Jude Bellingham once again proves he is the key for England’s Euro 2024 hopes

England 3-1 Italy: Goals from Harry Kane and Marcus Rashford helped England secure qualification for next summer’s tournament

Richard Jolly
at Wembley
Wednesday 18 October 2023 07:00 BST
England beat Italy at Wembley to secure place at Euro 2024

A couple of weeks earlier, Giovanni Di Lorenzo had perhaps the best view of Jude Bellingham’s burgeoning greatness. Not from his perspective, admittedly; there was little enjoyable about it as, close as he was, he was also powerless, backtracking as Bellingham slalomed through the Napoli defence, scoring for Real Madrid after a mesmeric solo run.

If the Napoli captain was determined to avert a repeat, he did when Bellingham surged clear.
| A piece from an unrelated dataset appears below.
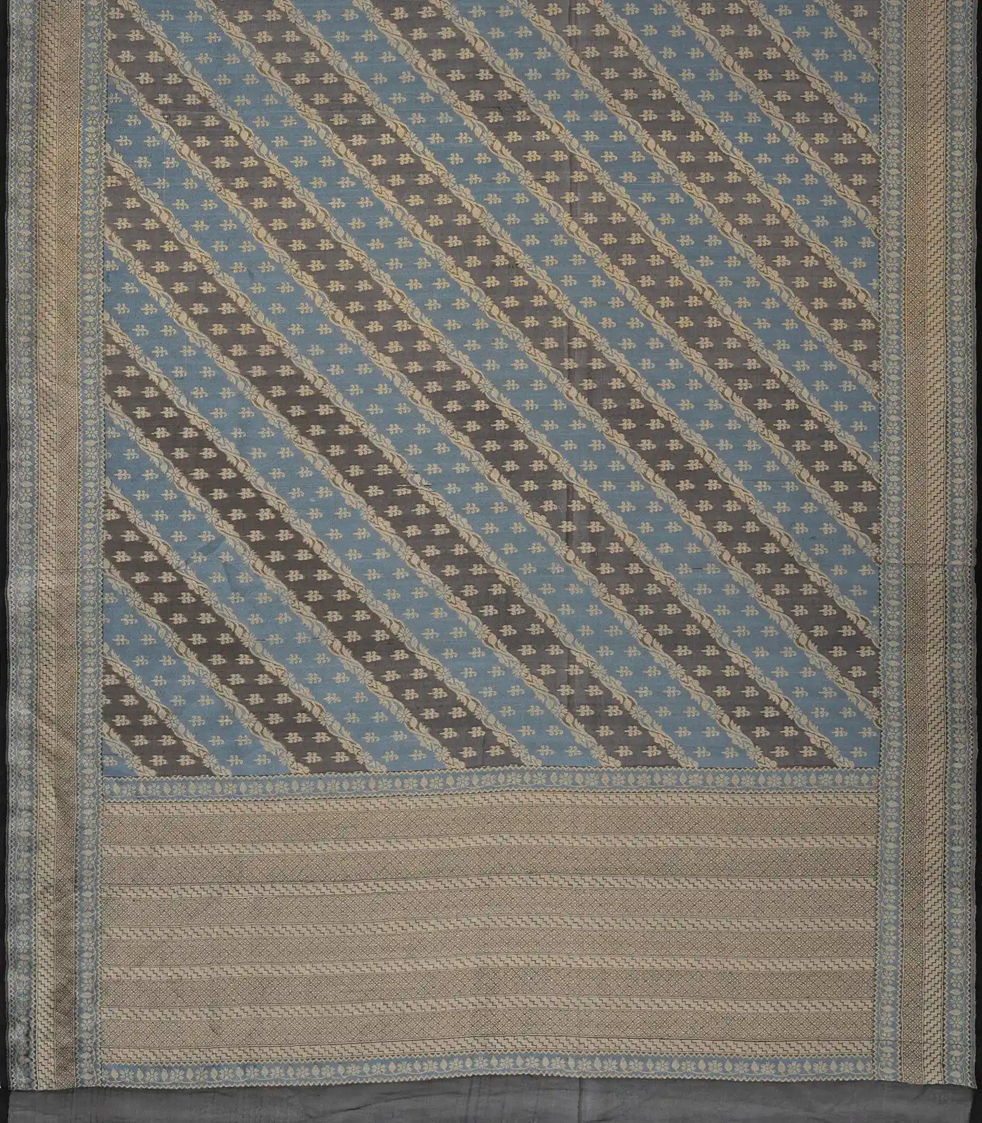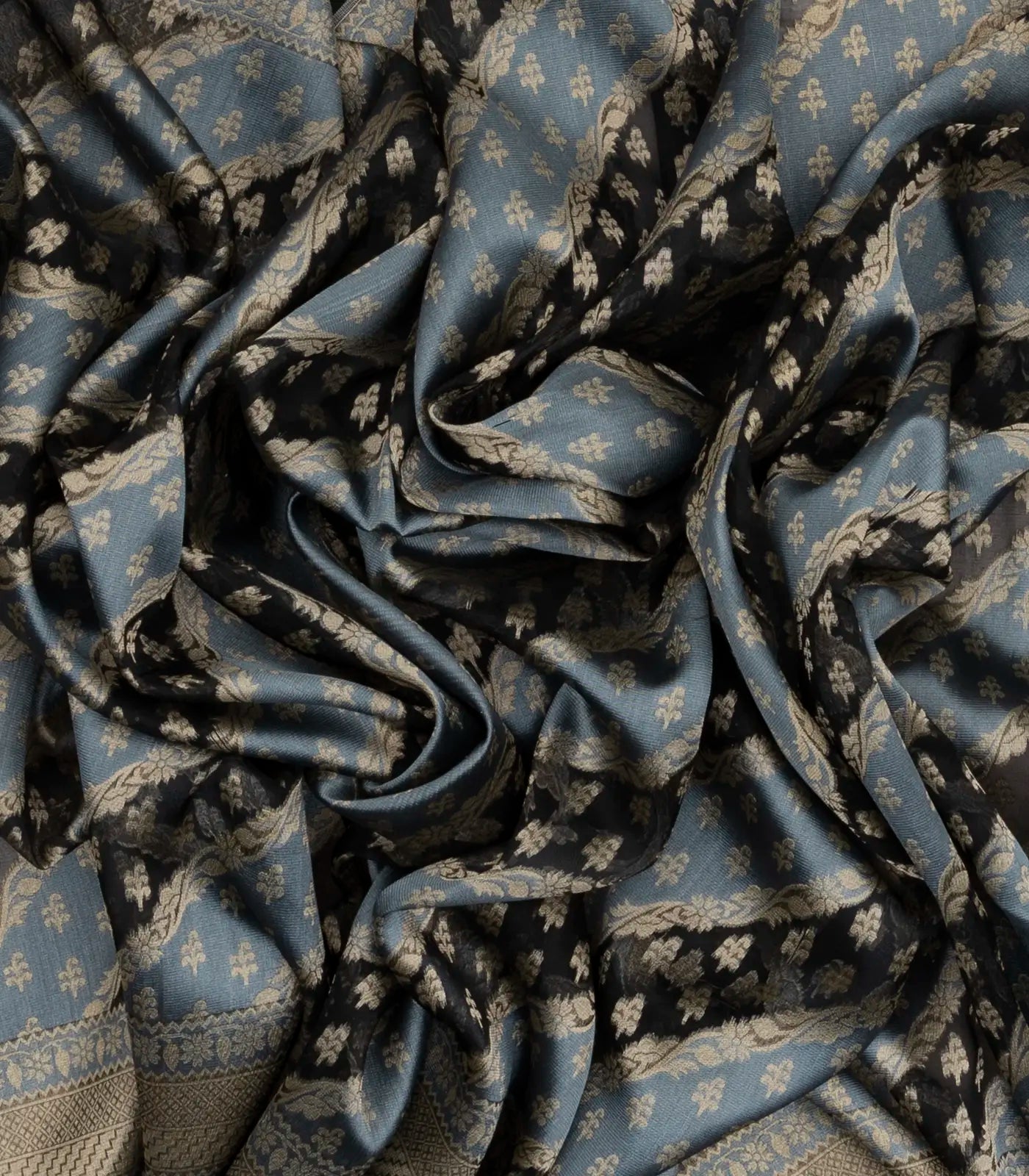 This handwoven organza soft silk saree is filled with floral jaal motifs in grey & black body along with border and pallu

The methodology was agricultural, the cost a penalty for a scything challenge. Neither approach worked, each brought a goal, the second a Harry Kane spot kick. But if one of the world’s best right-backs struggled to find an answer to the question of how to stop Bellingham, he was not alone.

Bryan Cristante, seeing the prodigy in full flight, opted for a nudge in the back. It proved a cunning tactic, conceding a free kick, but not incurring a booking. Poor Francesco Acerbi found himself stranded in no-man’s land, lobbed brilliantly by Bellingham as he sent Marcus Rashford away to score the goal that, along with Kane’s clincher, sealed England’s place in Euro 2024.

It could be Bellingham’s tournament. And if the same can be said of many another, the speed of his ascent and the range of his talents are such that there is a credence to the theory. England players have entered such a stage before as officially among the sport’s best – Frank Lampard and Steven Gerrard finished in the top three of the Ballon d’Or vote in 2005, without justifying such a status at the following year’s World Cup – and have ended up looking overhyped and underachieving. For now, in the heady stage when he is untarnished by failure, everything seems possible for Bellingham.

A rescue act against Italy is unlikely to live as long in England folklore as David Beckham’s free kick against Greece, even though each booked a place at a tournament. In part, it is because England had the insurance policy of extra games and, coming earlier in another match England began in undistinguished fashion, it felt less dramatic. But less surprising, too, because this, increasingly, is what Bellingham does. He wins games, and in different ways.

His dynamism brought England’s equaliser, the explosiveness to run between and behind defenders. His deftness produced the goal that gave England a lead they did not relinquish. It was power and poise, physique and technique. Much as England want to become a possession team – and, in 2012 and 2014, Italy’s Andrea Pirlo highlighted how they lacked a similar quality in their midfield – he lends them a counter-attacking menace.

Bellingham’s sharpness on the break reflected his role: part third midfielder, part fourth forward. If Gareth Southgate has adapted, he has been influenced by Carlo Ancelotti. England’s No 10 is the man with 10 in 10 for Real.

A masterful performance from Jude Bellingham led England’s comeback at Wembley (Action Images via Reuters)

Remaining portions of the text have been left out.